EHWUSF / HS68_2018_Project_1

0 stars 9 forks source link

Information Retrieval Module #13

Closed haleyhowe closed 5 years ago

haleyhowe commented 6 years ago

I propose a program that will give "suggestions" to what type of data analysis the user will be performing. I think this will be useful for general knowledge to help someone get started on data analysis. It will be sort of an outline of what type of analysis will be performed and the steps suggested. For example, it will prompt the user as to what type of dependent variable they are trying to predict (i.e qualitative -> classification, quantitative --> linear regression, unsupervised learning --> clustering methods, etc). Once they determine the type of variable they will predict, the program will list all of the types of analysis they will be able to perform. We can make it sort of a library, based off of what the user specifically wants and will output based off of their conditions. Again, this is more an if/then algorithm that simply returns suggestions with some information about the suggestion. Let me know if this is too broad. We could get good information from the "Intro to Statistical Learning" we used in HS614. This will simply be a program that will list all of the "options" you have for machine learning/predictive analysis.

haleyhowe commented 6 years ago

Also, maybe this could be some sort of open source code, that people would be allowed to enter information on any type of model or analysis to be performed?

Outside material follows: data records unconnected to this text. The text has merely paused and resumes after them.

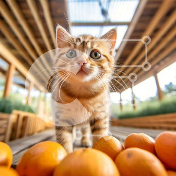 Intra Συλλεκτικό Ξύλινο Παζλ Plywood 4mm – Το χαριτωμένο γατάκι ποζάρει με την πυραμίδα των πορτοκαλιών σε άνετο ξύλινο πάτωμα Σε Ξύλινο Κουτί – Διαστάσεις: 10×10 cm – 25 κομμάτια
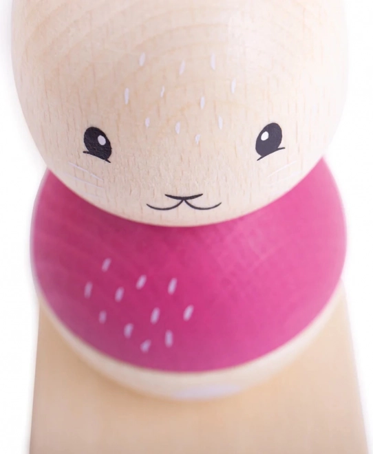 Discover a charming stacking toy made from certified FSC wood that combines a fox, a bunny, and a tree. It supports fine motor skills, hand–eye coordination, and color and size recognition. Thanks to the flexible pegs with elastic cord, the toy is safe and bendable, features smooth edges, and is colored with non-toxic paints.
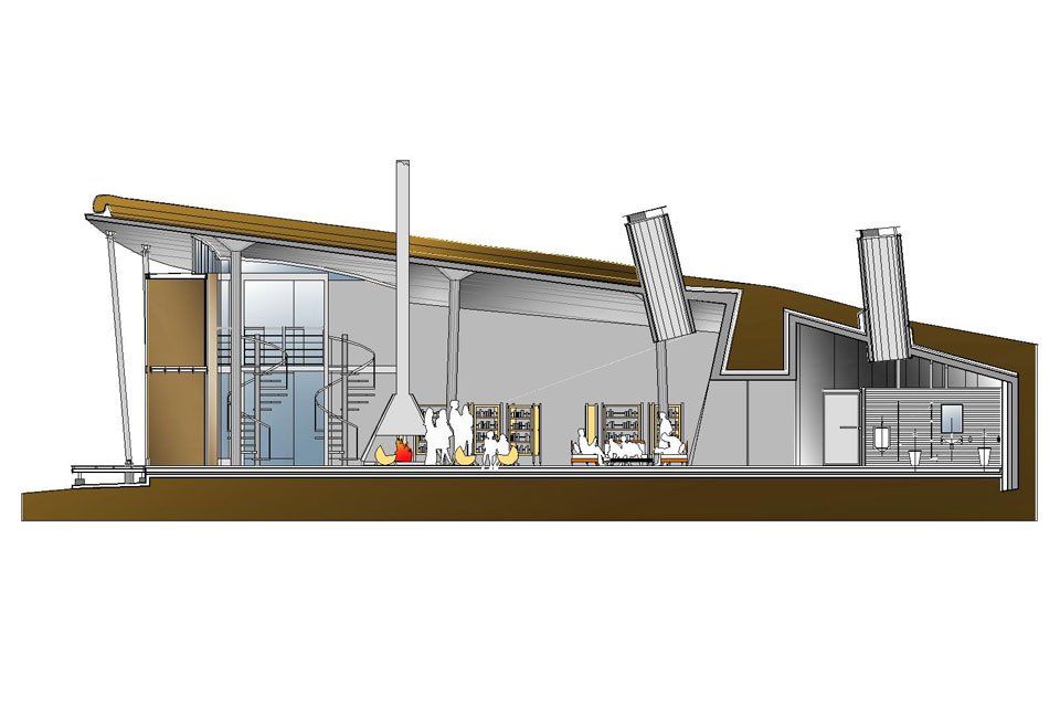 Esta cubierta vegetal se convierte en mirador elevado ofreciendo las mejores vistas panorámicas al lago y a las montañas. Además protege al edificio de los fuertes vientos y las inclemencias del clima.

hhan14 commented 6 years ago

I like the idea and do think it can be useful to users regardless of their level of data analysis skills. Just for the implementation part, you can approach by grouping or categorizing tools "most applied" for certain types, purpose, and size of data analysis. But I think one of the challenging parts would be how to narrow down those groups and until what depth suggestions can be in detail.

nitieaj commented 6 years ago

it could come in handy when decisions about initial model choices need to be made. Possible use of user input-strings matching conditional function.

kamehta2 commented 6 years ago

This is a good idea. But the project is more about the linear regression model. I don't know if we can add this kind of information model to our project or not

NikitaThomas commented 5 years ago

Since this is a linear regression focused package I think we could still incorporate your idea. I think it could be very helpful to have prompts while working through this package as the user goes through each module explaining the cleaning process and feature selection. It could even give the basic stats of the original data set before cleaning and give a prompt after cleaning including the number of NA values present. This idea could be implemented within each module and make it more of a user friendly package.